ここから更に昇降機で移動して、ドワーフたちのところまで運べばそれで終了だ。
「ところで、何でドワーフのところに運ぶんだ?」
「目を覚ますまでに時間がかかるってのもあるけど、新しい服とか用意しなきゃいけないしさ」
「それなら、うちに運んだ方が良くないか?」
「ドワーフさんたちのところに運ばなきゃいけない理由は、彼女が目を覚ますまでヒ・ミ・ツ」
──何を勿体ぶっているんだ?
「それから、女聖騎士ライト・ヌームは今回のミッションに失敗して死んだ事にして。私たち二人を逃がすために犠牲になったとか適当に理由を付けて」
「……何故だ? 今さっき生き返ったんじゃないのか?」
「それも、彼女が目覚めた時のお・た・の・し・み」
勿体ぶりやがって。
説明するのが面倒なだけだといいが、まさかヤバい事になっているんじゃないよな?
──いや、女聖騎士に色々バレて一度殺してしまった時点で充分ヤバい事になっているか。

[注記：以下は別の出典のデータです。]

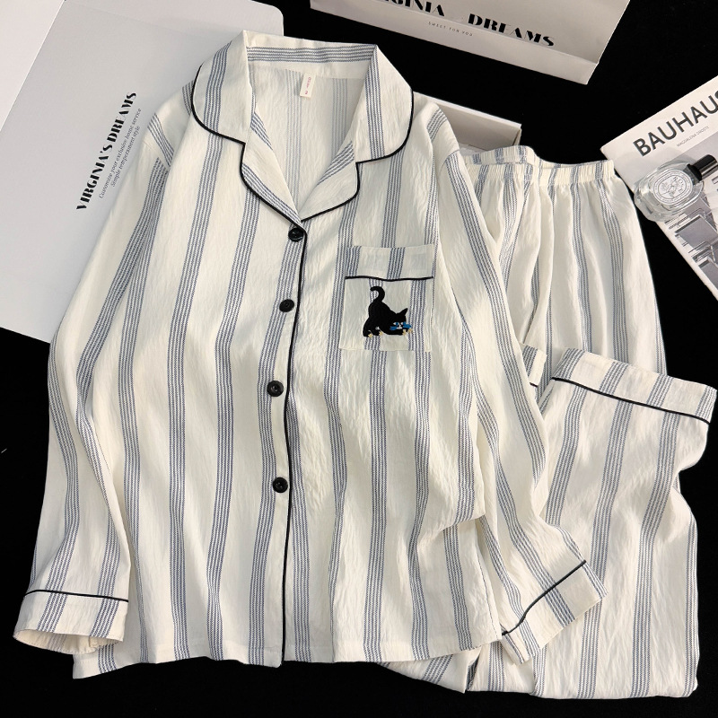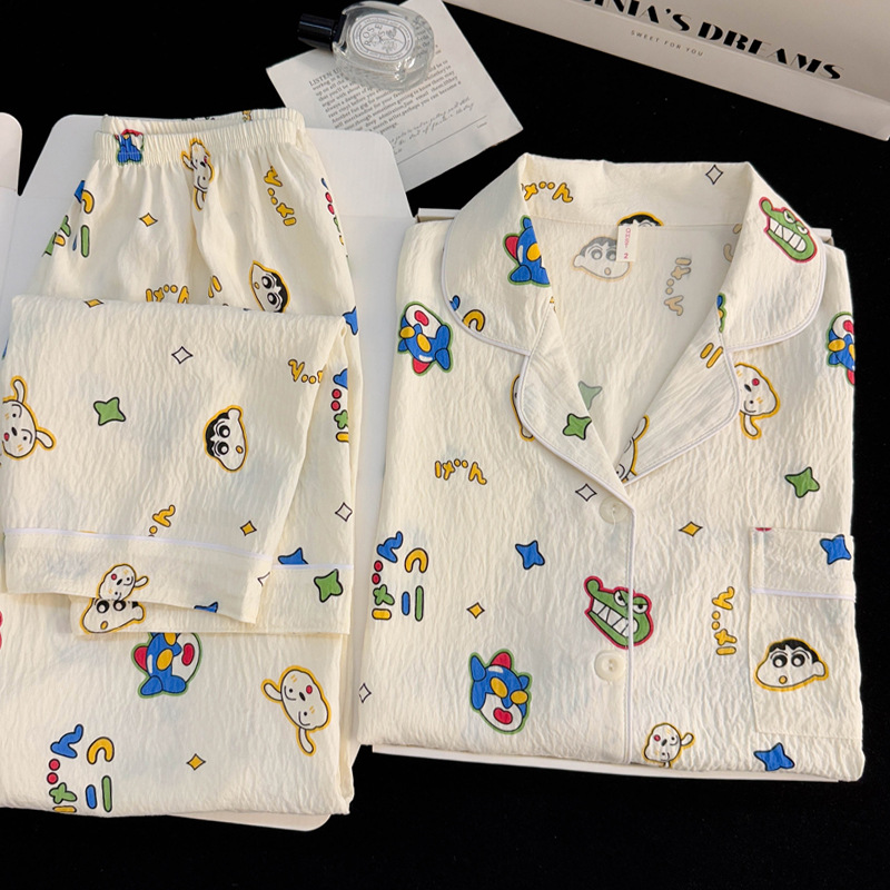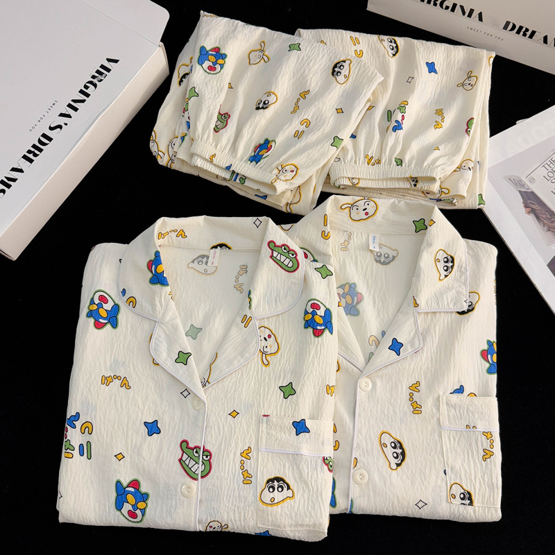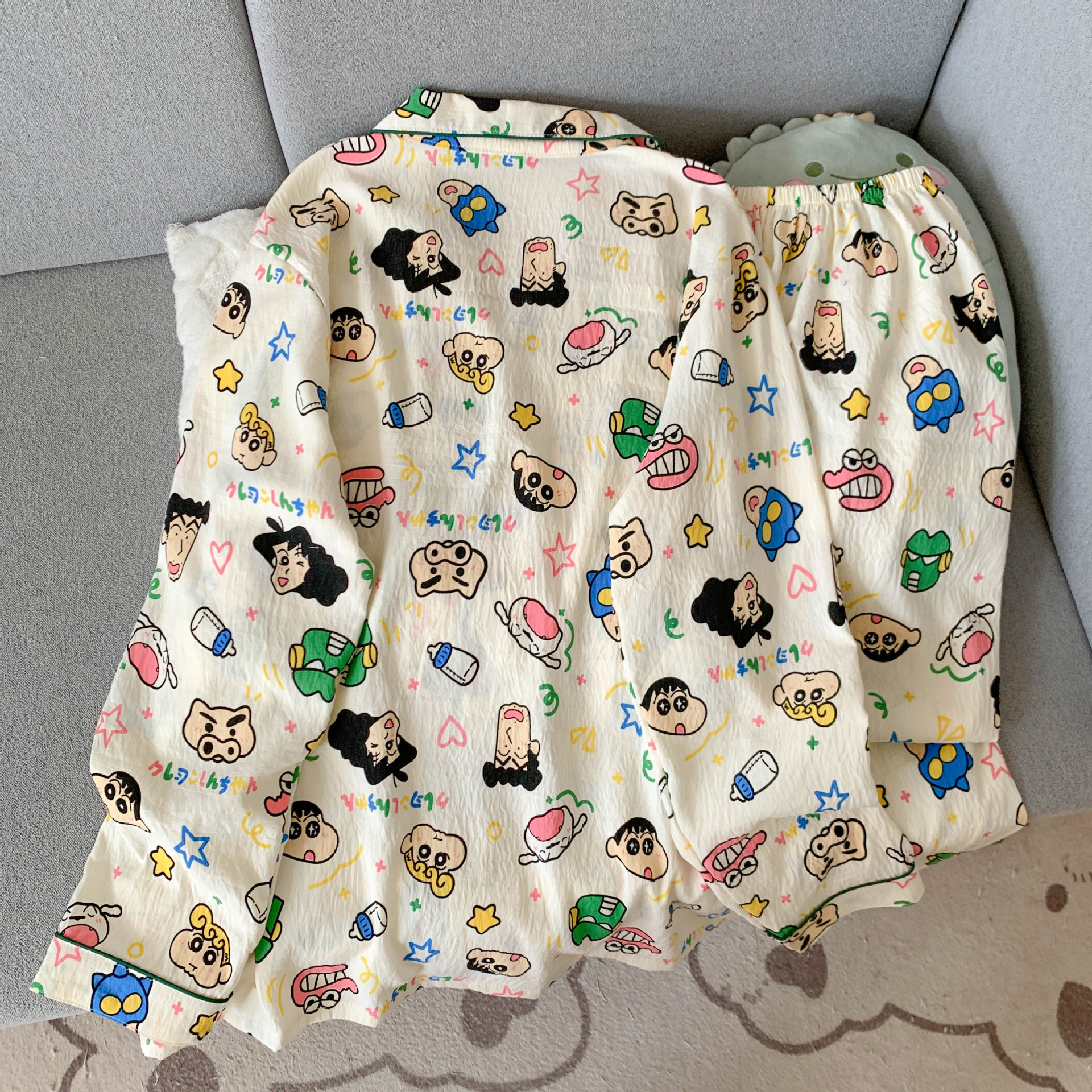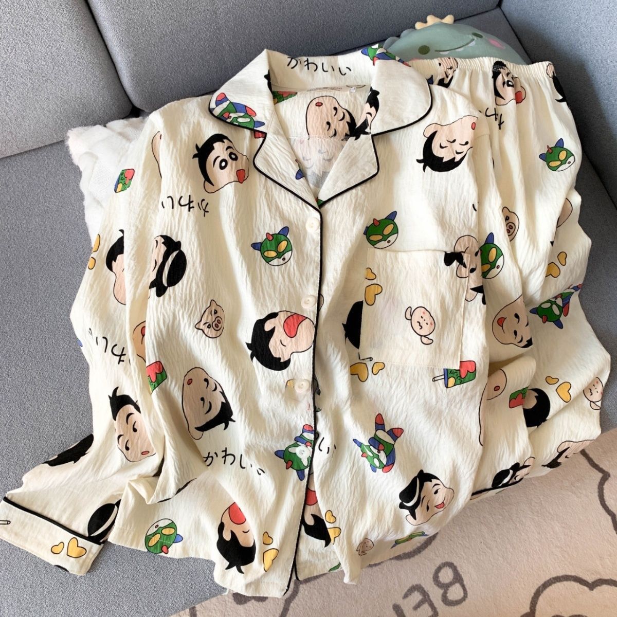 여성과 소년을위한 봄, 가을 커플 잠옷 구름면 가디건 긴팔 바지 만화 가정복 정장 생방송
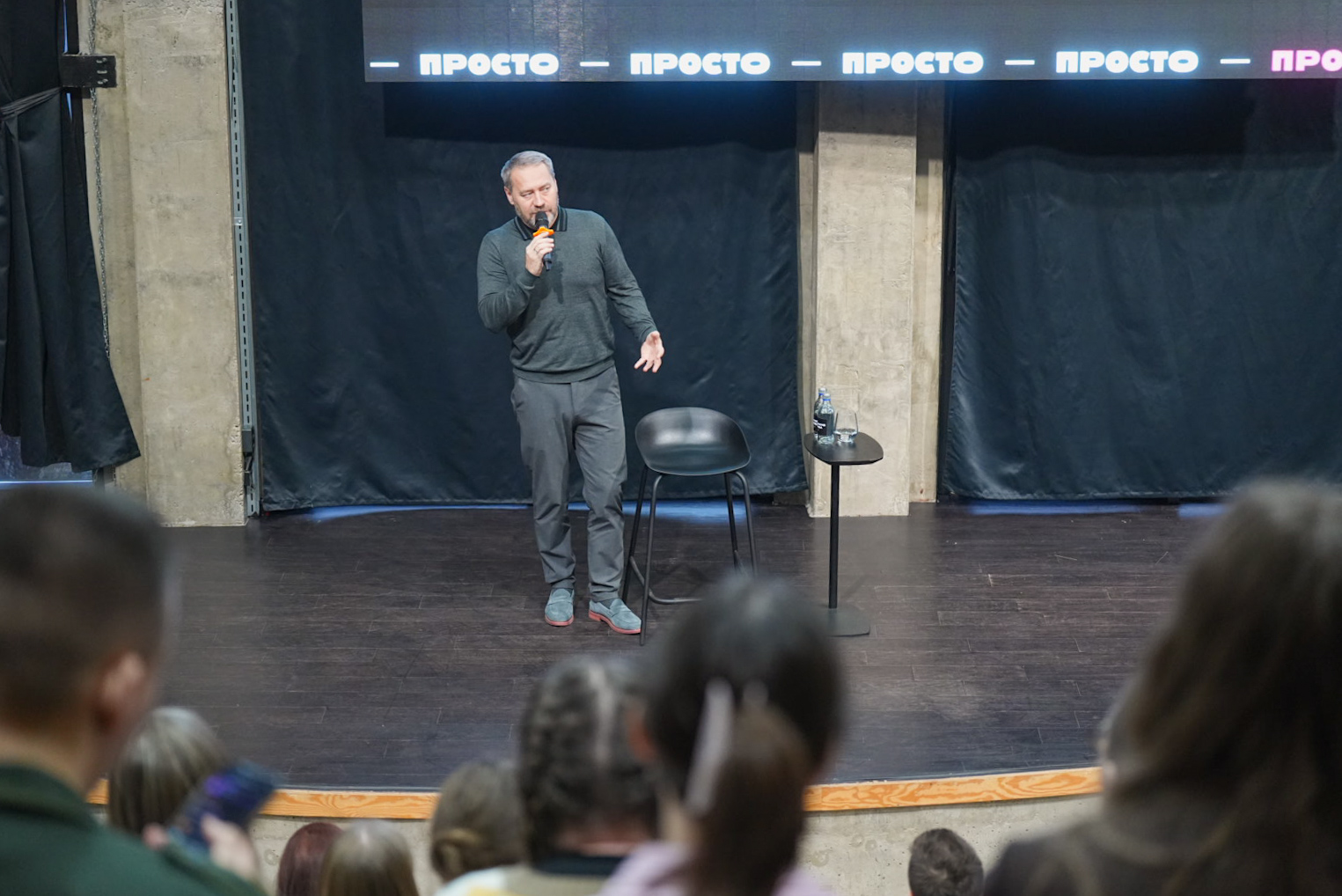 Председатель Законодательного Собрания Северной столицы Александр Бельский 5 декабря в амфитеатре молодёжного пространства ПРОСТО на Карповке встретился с юными петербуржцами — победителями грантовых конкурсов на реализацию социальных проектов.
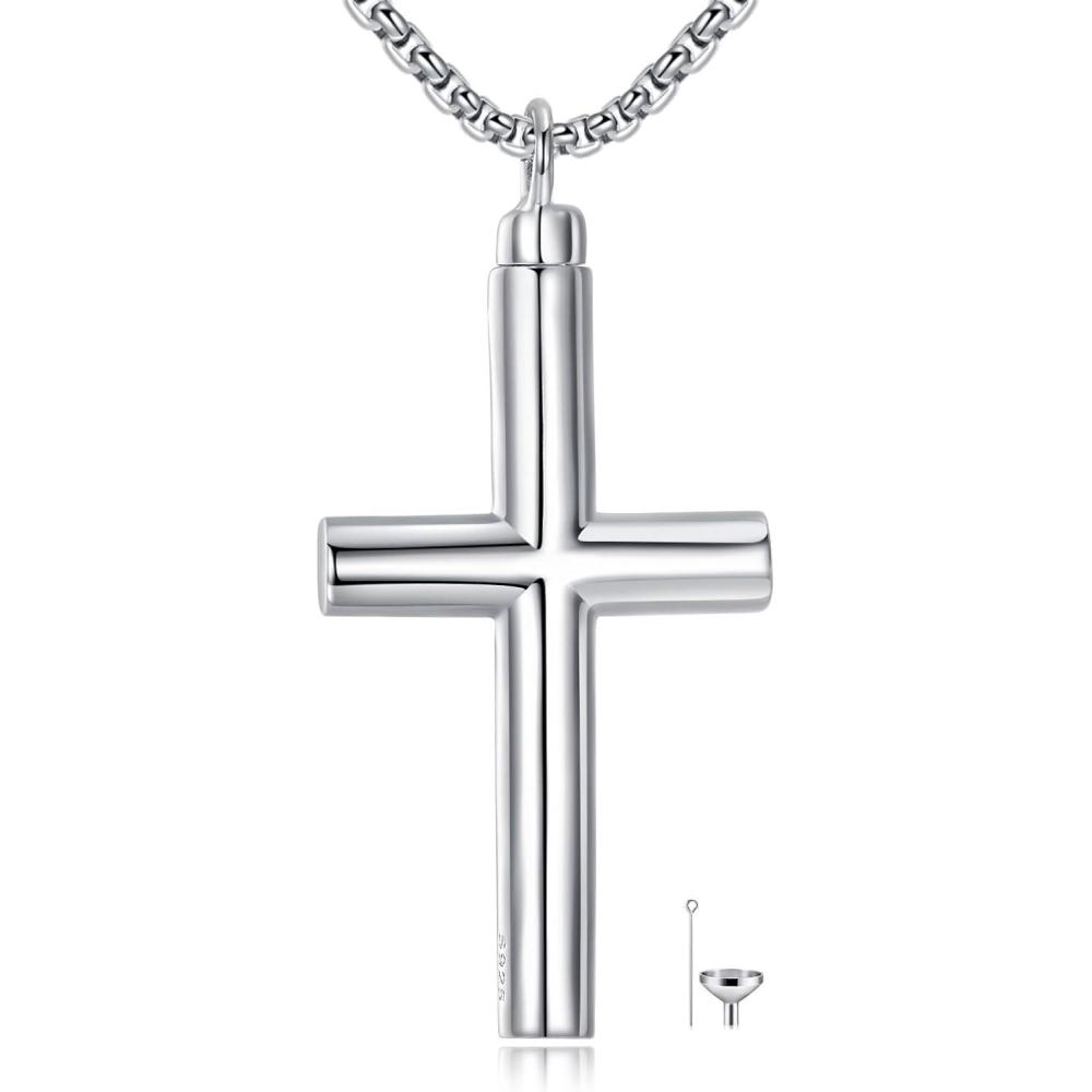 925 Sterling Silver Cross Necklace for Men & Women Crucifix Jesus/Cross Pendant with 22″ 2″ Stainless Steel Chain Jewelry Gift for Christmas, Father’s Day, Mother’s Day, Birthday-Gift Box Included(C02 Cross Urn)

「それにしても、まさか人間を生き返らせる方法があるとは思わなかったよ。エイラムさんが女聖騎士を殺した時はどうしようかと思ったのに」
「うん、地上には無い魔法が魔界には沢山あるから。それが原因で私たちの先祖は大昔に地上から地底に移住したらしいし」
魔界の住人、つまり魔族たちが大昔は地上にいた!?
それは初耳だ。
「大昔は人間と魔族が共存したのか?」
「ううん、ちょっと違うかな? 大昔に編み出された魔法の一つを使って人間を太陽無しで生きられる体に改造したのが、私たち魔族の御先祖様なんだよ」
「それって、つまり……」
「魔族も元は人間って事」
そんな……。
いや、確かに魔王の娘は見た目人間と相違無いし、食べ物とかを含めた地上の生活にも簡単に順応していたが。
同じ人間ならそれも当然か。
「ところで、魔族は何で地底に移住なんかしたんだ?」
「私も本当のところは知らないけど、強過ぎる魔法を封印するためとか、魔法が凶悪過ぎて地底に追放されたとか色んな説があるかな?」
「それじゃあ、今になって魔族が地上に出てきたのは、もしかして大昔の復讐のためなのか?」
「ううん、違うよ。昔は地上に出たらいけないってルールがあったんだけど、お父様が魔王になった時に古臭い習慣は捨てて地上に出ようって事になっただけ」
──よかった。
これで、大昔の復讐で魔王が地上の人間を滅ぼすとかだったらどうしようかと思ったぞ。
「だけど、ドワーフさんたちはエルフへの復讐が目的だし、目を覚ました元女聖騎士も、きっと……」
「? 女聖騎士がどうかしたのか?」
「彼女が目を覚ました時に分かるし、私から説明する事じゃないかな?」
そう言われるとすごく気になる。
だが、魔王の娘にそれを教える気は微塵も無さそうだ。
今は……大人しく待つしかないか。